The EnTag project explored the combination and comparison of controlled and folksonomy approaches to semantic interoperability in the context of repositories and digital collections. The aim was to investigate the effect on indexing and retrieval when using only social tagging versus when using social tagging in combination with a knowledge organization system. Two different contexts were explored: tagging by readers (Intute) and tagging by authors (Science and Technology Facilities Council (STFC)). The major development was that of Intute.
For each of these a separate demonstrator was developed, one operating on data extracted from Intute (Intute 2008), and the other operating over STFC’s repository (STFC ePublication Archive 2008) in which tagging was conducted by authors submitting papers to the repository. A user study was conducted for each demonstrator, which allowed a general comparison of a repository versus digital collection context, a different knowledge organization system, interface and user community.
Three major methods to collect user data were log analysis, questionnaires, and interviews. The evaluation of the Intute demonstrator involved comparing basic and advanced system for indexing and retrieval implications. The test setting comprised 28 students in political science and 60 documents covering 4 topics of relevance for the students. Dewey Decimal Classification was used. The STFC study involved 10 authors depositors. The ACM Computing Classification Scheme was used.
The results of the Intute study showed the importance of controlled vocabulary suggestions (to produce ideas of tags to use, to ensure consistency and retrieval, to make it easier to find focus for the tagging, etc.) Furthermore, the value and usefulness of the suggestions proved to be very dependent on the quality of the suggestions. The suggestions must be user-oriented as regards to level of specificity, perspective and currency. Most tags were added by typing them directly in, as common in social tagging applications; of the other features used, the most frequent one was DDC suggestions, and another tagger’s cloud. That the participants appreciated the suggestions was also seen from their comments. Both simple tagging and enhanced tagging provided additional entry points (for retrieval) beyond the original indexing. There was some evidence that vocabulary-based suggestions, in particular, provided additional access points beyond the literal text. Most participants claimed that they would be willing to use similar tools in real life.
The results of the STFC study show that there is a general pervading sentiment amongst the depositors that choosing terms from a controlled vocabulary was a “good thing” and in fact better than own terms. The participants could overall see the point of the adding terms for information retrieval purposes, and could see the advantages of consistency of retrieval if the terms used were from an authoritative source. Most claimed that they would be willing to use a tool similar to the one provided, albeit with some reservations and suggestions about the interface. ACM classification was however not seen as good enough for the purposes of this group.

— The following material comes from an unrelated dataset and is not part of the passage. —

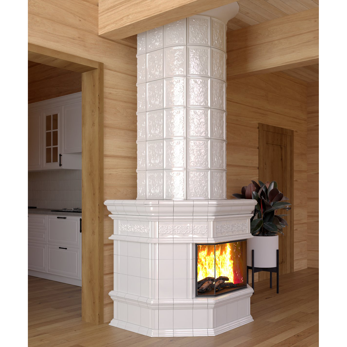 Камин с угловой топкой в изразцовой облицовке "Тюльпан"

In conclusion, we recommend that social tagging be allowed in the JISC context (e.g., repositories), enhanced with suggestions from a controlled vocabulary. More findings are needed so it is important to further analyze, experiment and pilot test tools derivative from both Intute and STFC demonstrators. It was shown that further developments and improvements are needed in the following major aspects: automated suggestions, controlled suggestions, tag input features such as auto-complete and spelling checking, controlled vocabulary presentation, other controlled vocabularies and the user interface. Detailed recommendations are discussed in Deliverable 5.1: Recommendations briefing paper.
JISC , 2009. , p. 13